'Kamerun ! Une guerre cachée aux origines de la Françafrique'

Thomas Deltombe Thomas Deltombe est journaliste, historien, et coauteur de "Kamerun !

Sat, 10 Oct 2015 Source: Jeune Afrique

Thomas Deltombe est journaliste, historien, et coauteur de "Kamerun ! Une guerre cachée aux origines de la Françafrique" (éd. La Découverte, 2011).

Jeune Afrique : Que peut-on attendre de l’ouverture des archives sur la répression menée au Cameroun pendant les années qui ont précédé l’indépendance ?

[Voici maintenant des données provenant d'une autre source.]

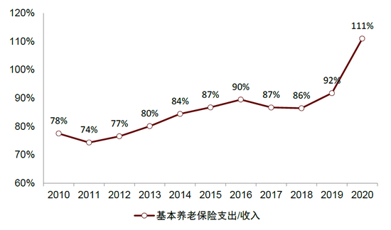中金:2020年基本养老保险出现缺口 支出/收入达111%
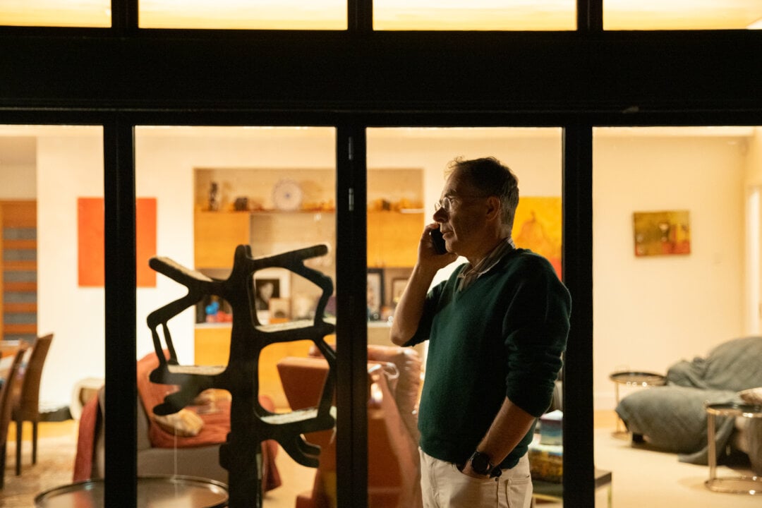 Guido Imbens receiving phone calls on the morning of the announcement of the 2021 prize in economic sciences.
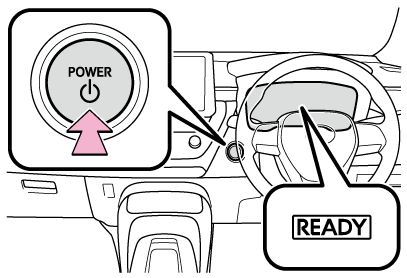 表示されないと、ハイブリッドシステムは始動しません。 - パワースイッチを短く確実に押す短く確実に押せば、押し続ける必要はありません。READY インジケーターが点灯すれば、ハイブリッドシステムは正常に始動しています。READY インジケーターが点灯するまでブレーキペダルを踏み続けてください。パワースイッチのどのモードからでもハイブリッドシステムを始動できます。
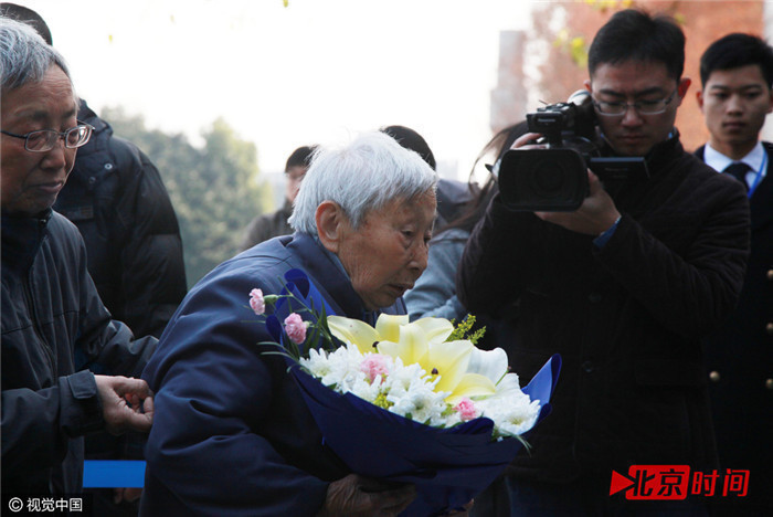 12月9日,江苏省南京市,南京大屠杀幸存者杨翠英老人向罹难亲人敬献鲜花。
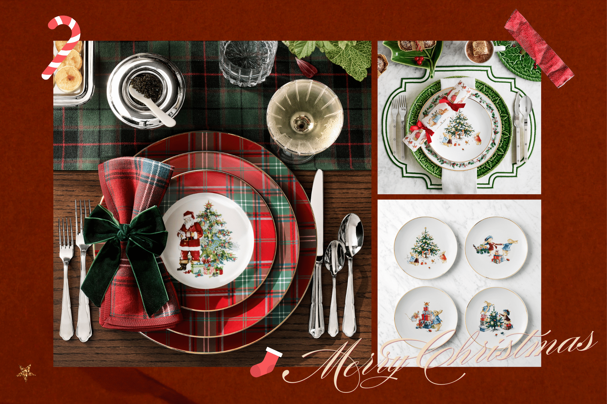 1. Williams Sonoma — Peter Rabbit™ Christmas Salad Plates / Red Tartan Dinner Plates
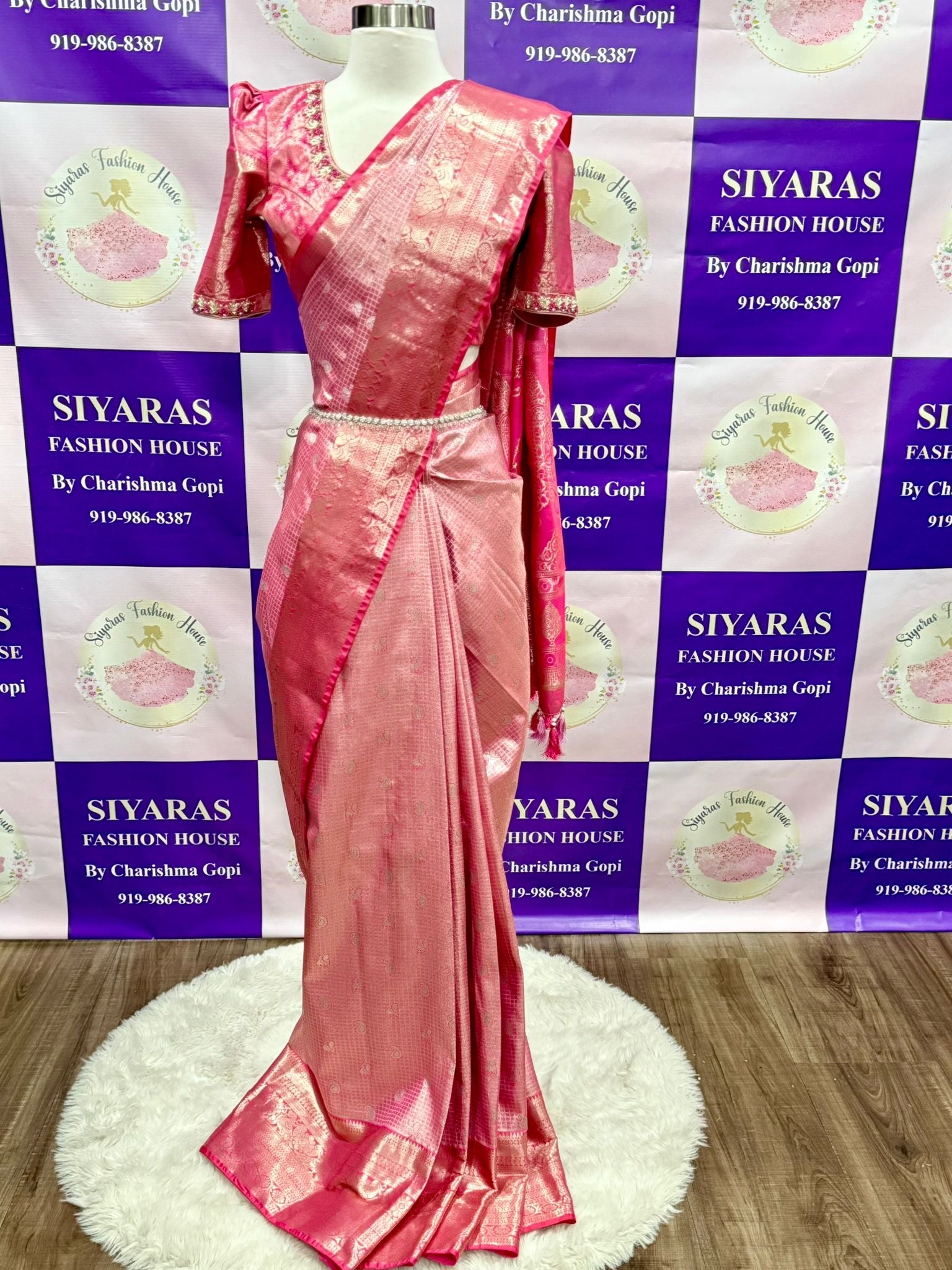 Traditional yet chic style in this kanchi tissue Saree with kanchi border and a stitched Maggam work blouse.
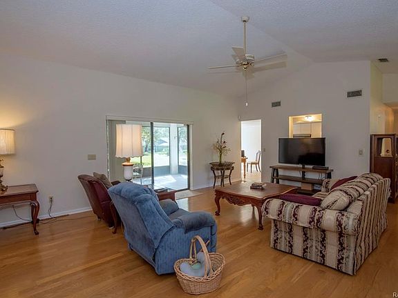 Spacious Great Room home in move-in condition. 3/2/2 features Great Room with Wood flooring, formal dining, kitchen with nook. Master bath with double vanities and handicapped accessible shower. Doors throughout 36". Ft. bedroom has alcove which can accommodate desk. Screened porch overlooks stone paved patio and big backyard with fenced area for pets or garden. Minutes from Inverness Golf & Country Club, bike trail and downtown.
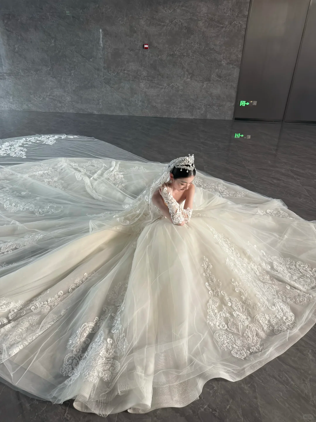 White strapless lace waist slim fit puffy skirt floor-length bridal gown R6045
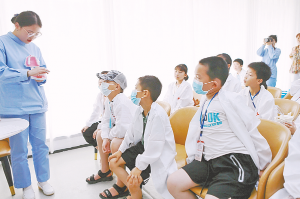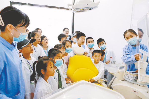 來(lái)自新蔡縣月亮灣小學(xué)的小記者們穿上白大褂,和家長(zhǎng)一起走進(jìn)新蔡口腔醫(yī)院,在醫(yī)護(hù)人員的帶領(lǐng)下走進(jìn)診區(qū)參觀,認(rèn)識(shí)牙科器材,了解診療流程。
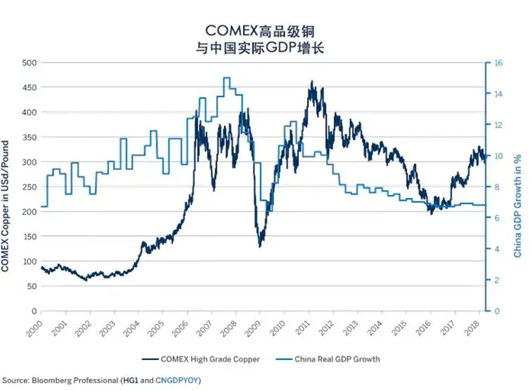 对于这个问题我们可以提供以下原因分析。首先,中国每年消耗全球40-50%的铜矿,使其成为全球铜价的一个重要决定性因素。其次,中国经济增速从2011年的11%降至2016年的6.7%,导致出现对更大范围和更深层次经济减速的担忧,而这种担忧没有演变成现实,因此引发铜等工业金属价格的反弹。另外一个我们认为更加具有意义和更加可信的原因,就是中国官方GDP未能完全体现2011-16年经济放缓以及之后反弹的程度。
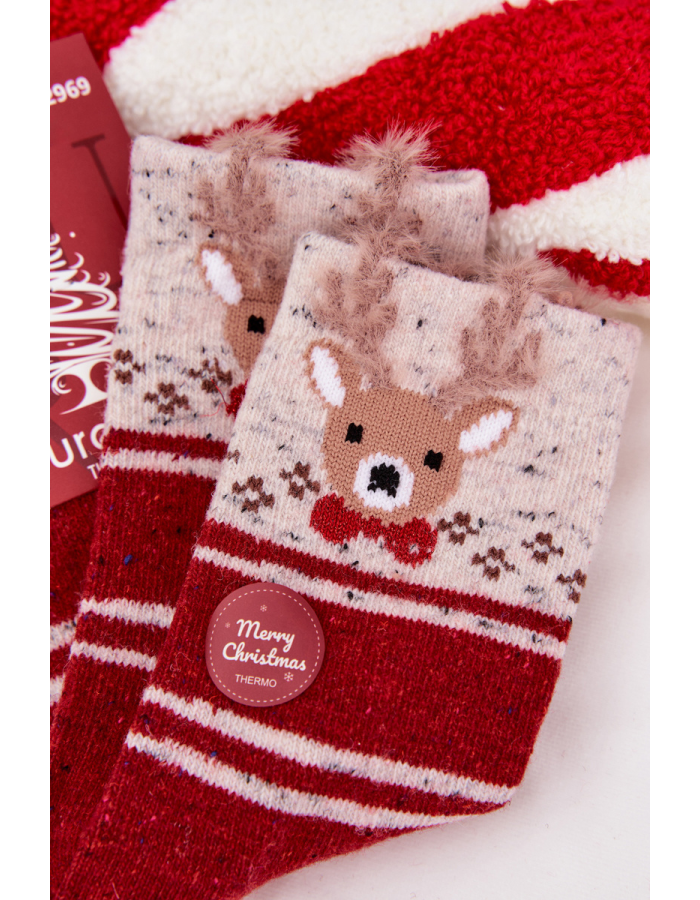 Roztomilé a mimořádně hřejivé dámské vánoční ponožky z měkké směsi s podílem alpaky. Kombinace červených pruhů a motivu soba vytváří typicky sváteční vzhled, který dokonale doplní zimní atmosféru. Jsou velmi příjemné na nošení, prodyšné a díky teplé přírodní vlně skvěle izolují i v chladných dnech.
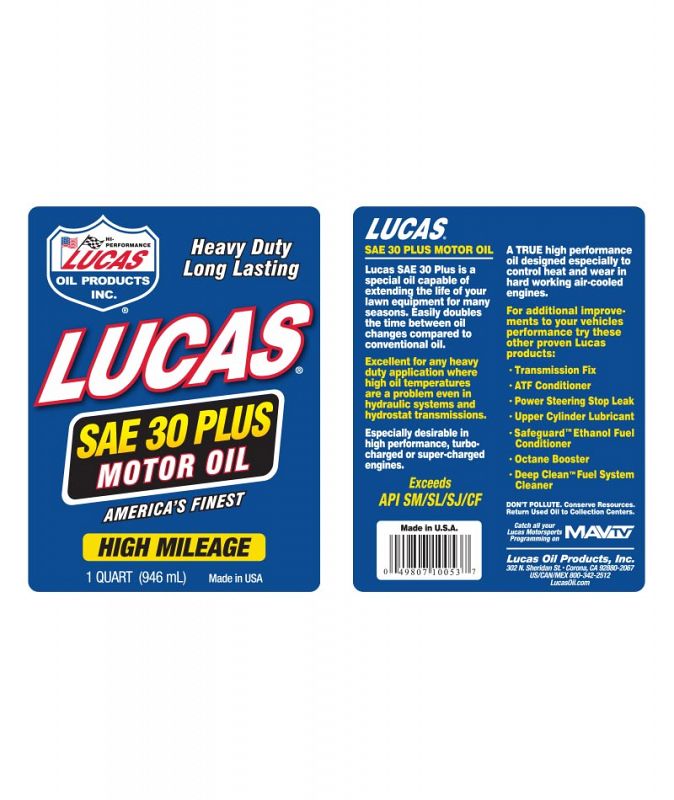 Lucas 30 WT Plus is a blend of high quality base stocks and an exclusive additive package that sets it far apart from other 30 WT oils.
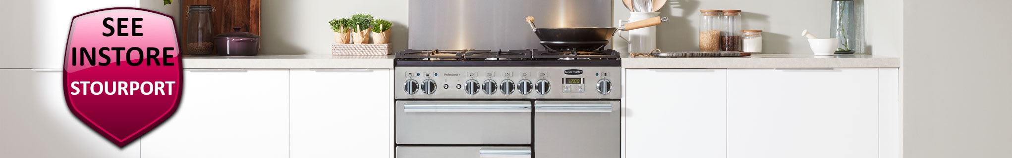Choose from 110cm, 100cm or 90cm widths in traditional colours of Stainless Steel, Black, Cranberry or Cream, all with chrome trim and dual fuel, induction, ceramic or gas hotplates.

Thomas Deltombe : Cela provoque chez moi un espoir mitigé, car depuis le discours de François Hollande, début juillet, on n’en a plus entendu parler, ni côté français ni côté camerounais.

Il me semble aussi que le président français ne savait pas de quoi il parlait. Il ne s’est pas agi d’une répression, comme il l’a dit, mais d’une vraie guerre. Une guerre secrète, non médiatisée, mais une guerre quand même.

Et ce même si le discours des administrateurs coloniaux a été euphémisé, même si on parlait d’« interrogatoires poussés » au lieu d’actes de torture et d’« opérations de maintien de l’ordre » lorsqu’il s’agissait de véritables opérations de guerre…

Hollande s’est par ailleurs dit prêt à ouvrir les archives, mais en réalité une bonne partie de celles-ci sont déjà ouvertes. Même certains documents classés secret-défense sont déjà accessibles, sauf peut-être pour les chercheurs camerounais qui n’auront jamais le visa pour aller les consulter en France…

Mais il est évident que nous n’aurions pas écrit Kamerun ! si nous n’avions pas eu la possibilité de consulter des dizaines de milliers de documents.

De quels types de documents parlons-nous ?

De procès-verbaux, qui sont parfois très allusifs, de fiches de renseignements sur certains opposants, de notes rédigées sur des prisonniers, d’articles de presse archivés… Les agents administratifs de l’époque les découpaient méticuleusement et les commentaient : « Celui-ci dit la vérité, celui-ci ment. »

Tous ces détails sont des indices et parfois même des preuves. Le problème, c’est que ces documents sont dispersés géographiquement. Les archives coloniales sont à Aix-en-Provence, celles de l’armée sont à Vincennes et celles de la police à Fontainebleau.